Exercise prompt
Set down exactly the lines from the one containing "The OXO SoftWorks" through the last line of the data below, and no others.

[Items from a dataset]

··········

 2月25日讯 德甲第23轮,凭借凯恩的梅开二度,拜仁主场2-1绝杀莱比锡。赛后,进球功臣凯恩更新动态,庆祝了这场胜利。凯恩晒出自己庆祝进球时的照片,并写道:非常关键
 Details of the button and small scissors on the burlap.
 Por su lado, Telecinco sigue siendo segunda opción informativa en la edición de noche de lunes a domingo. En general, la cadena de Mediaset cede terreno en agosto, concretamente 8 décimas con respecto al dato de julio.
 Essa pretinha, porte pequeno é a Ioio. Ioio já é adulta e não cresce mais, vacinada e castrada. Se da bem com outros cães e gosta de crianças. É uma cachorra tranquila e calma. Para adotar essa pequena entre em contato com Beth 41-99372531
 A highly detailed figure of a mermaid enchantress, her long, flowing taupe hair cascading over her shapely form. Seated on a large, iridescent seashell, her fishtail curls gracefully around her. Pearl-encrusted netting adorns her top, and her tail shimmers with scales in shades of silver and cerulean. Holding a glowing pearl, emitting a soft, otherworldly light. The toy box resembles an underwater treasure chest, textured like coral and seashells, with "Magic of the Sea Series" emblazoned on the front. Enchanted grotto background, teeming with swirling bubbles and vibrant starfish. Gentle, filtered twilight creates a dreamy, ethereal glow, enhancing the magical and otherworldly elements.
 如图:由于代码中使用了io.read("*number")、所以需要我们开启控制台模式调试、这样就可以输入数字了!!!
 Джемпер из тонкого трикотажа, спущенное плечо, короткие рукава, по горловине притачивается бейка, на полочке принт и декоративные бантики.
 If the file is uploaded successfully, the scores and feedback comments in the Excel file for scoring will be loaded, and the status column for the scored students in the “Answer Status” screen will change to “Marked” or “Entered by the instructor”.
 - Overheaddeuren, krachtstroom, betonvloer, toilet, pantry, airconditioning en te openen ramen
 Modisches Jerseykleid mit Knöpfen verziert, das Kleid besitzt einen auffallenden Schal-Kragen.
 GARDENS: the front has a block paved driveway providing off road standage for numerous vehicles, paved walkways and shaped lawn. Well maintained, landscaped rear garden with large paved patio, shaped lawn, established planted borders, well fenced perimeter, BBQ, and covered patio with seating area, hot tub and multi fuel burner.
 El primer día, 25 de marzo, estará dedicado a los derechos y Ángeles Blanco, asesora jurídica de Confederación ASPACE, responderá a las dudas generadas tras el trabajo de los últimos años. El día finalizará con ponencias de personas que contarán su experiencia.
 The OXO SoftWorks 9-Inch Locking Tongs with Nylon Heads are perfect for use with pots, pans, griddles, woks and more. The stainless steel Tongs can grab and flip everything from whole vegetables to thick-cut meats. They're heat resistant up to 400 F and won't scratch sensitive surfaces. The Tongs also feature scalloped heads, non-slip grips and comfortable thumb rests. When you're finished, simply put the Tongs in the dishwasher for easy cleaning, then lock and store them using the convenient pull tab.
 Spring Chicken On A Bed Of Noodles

··········

Solved problem
 The OXO SoftWorks 9-Inch Locking Tongs with Nylon Heads are perfect for use with pots, pans, griddles, woks and more. The stainless steel Tongs can grab and flip everything from whole vegetables to thick-cut meats. They're heat resistant up to 400 F and won't scratch sensitive surfaces. The Tongs also feature scalloped heads, non-slip grips and comfortable thumb rests. When you're finished, simply put the Tongs in the dishwasher for easy cleaning, then lock and store them using the convenient pull tab.
 Spring Chicken On A Bed Of Noodles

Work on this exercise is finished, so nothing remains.